Terms and Conditions

The following terms and conditions (“Terms & Conditions”) govern all services provided by Ancora Warehousing & Logistics, LLC (the “Company”).  Any act of tendering goods for storage or requesting other services by Company shall constitute acceptance of these Terms & Conditions and any additional terms contained in any quote/business confirmation issued by Company to Depositor.

SECTION 1 – DEFINITIONS.  As used herein, the following terms have the following meanings: (a) Depositor. The shipper, consignee, or owner of the Goods or the shipper’s, consignee’s, or owner’s contractors or agents, and anyone else claiming an interest in the Goods.  (b) Company.  Ancora Warehousing & Logistics, LLC, and officers, directors, employees and agents of the Company while acting within the scope and course of their employment.  (c) Goods. The merchandise, cargo, or freight that Depositor tenders for storage and/or any portion thereof and/or which Company has agreed to receive and/or store.
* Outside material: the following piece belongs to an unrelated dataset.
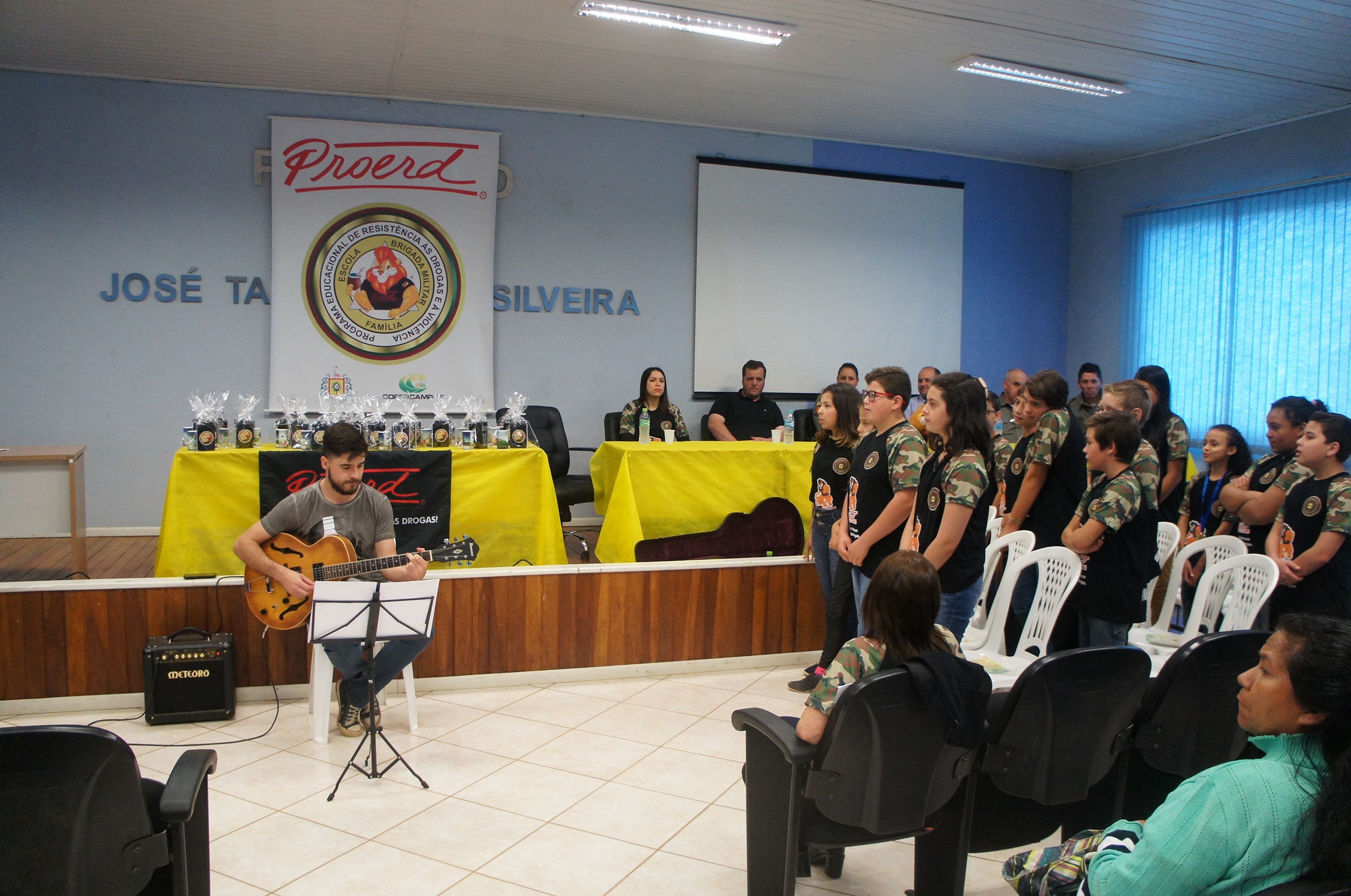 Na tarde da última terça-feira (05/11), a Brigada Militar com o apoio da Prefeitura de Pinhal da Serra, realizou a cerimônia de formatura da primeira turma do Programa Educacional de Resistência às Drogas (Proerd) para os alunos dos 5º Anos A e B da EMEB Professor Tadeu Silveira, na Câmara de Vereadores.

SECTION 2 - TENDER OF GOODS.

(a) Depositor represents and warrants that it is the owner or has lawful possession of the Goods and all right and authority to store them with Company and thereafter direct the release and/or delivery of the Goods. Depositor shall (i) tender any Goods for storage only during Company's posted business hours for the Warehouse; (ii) tender all Goods to the Warehouse properly marked and packed for storage and handling; (iii) provide Company with information concerning the Goods that is accurate, complete, and sufficient to allow Company to comply with all laws and regulations concerning the storage, handling, processing, and transportation of the Goods; (iv) tender no dangerous or hazardous Goods to Company for placing with it without Company’s express consent in writing and written acknowledgement that the Depositor has disclosed to Company all material information pertaining to the storage or transportation (or any other service to be rendered) which may affect Company’s risk and decision in agreeing

to store/handle/transport the Goods or to render other services for and on behalf of the Depositor; and (iv) furnish at or prior to tender of the Goods for storage a manifest in a form approved by Company listing any categories of Goods, brands or sizes to be separately kept and accounted for, and the types of storage and other services requested. b) Company may refuse to accept any goods for storage if the goods tendered for storage do not conform to the description provided by Depositor. (c) For all Goods shipped to the Company’s warehouse(s), Depositor shall ensure that the bill of lading or other contract of carriage ("Transportation Contract") as well as all declarations to government regulatory agencies (i) identify Depositor as the named consignee, in care of Company, and (ii) do not identify Company as the consignee. If any Goods are shipped to the Warehouse naming Company as named consignee, Depositor shall promptly notify the carrier in writing that Company is (i) the "in care of party" only and (ii) does not have any beneficial title or interest in the Goods.  Company may refuse to accept any Goods tendered for storage in violation of this provision, and shall not be liable for any loss or damage to, or mis consignment of, such Goods. Whether Company accepts or refuses goods shipped in violation of this Section 2, Depositor agrees to indemnify, defend, and hold Company harmless from any costs, liabilities, actions, penalties, or expenses of any kind associated with the improper declaration of Company as consignee.  Depositor shall bear all the extra costs relating to container port storage and container demurrage (holding containers longer than allowed by the shipping line)  incurred by Depositor if i) Depositor fails to arrange for timely container transportation/pickup/return, or ii) if circumstances outside of Company’s control (i.e.: customs hold, x-ray exam, Coast Guard exam, damaged container,  truck/port strikes, port congestion, labor (union) issues etc.) result in the inability to pick up/return all containers before the last free day.  Company will not be held accountable for additional costs that may be incurred by Depositor for events beyond the control of Company. 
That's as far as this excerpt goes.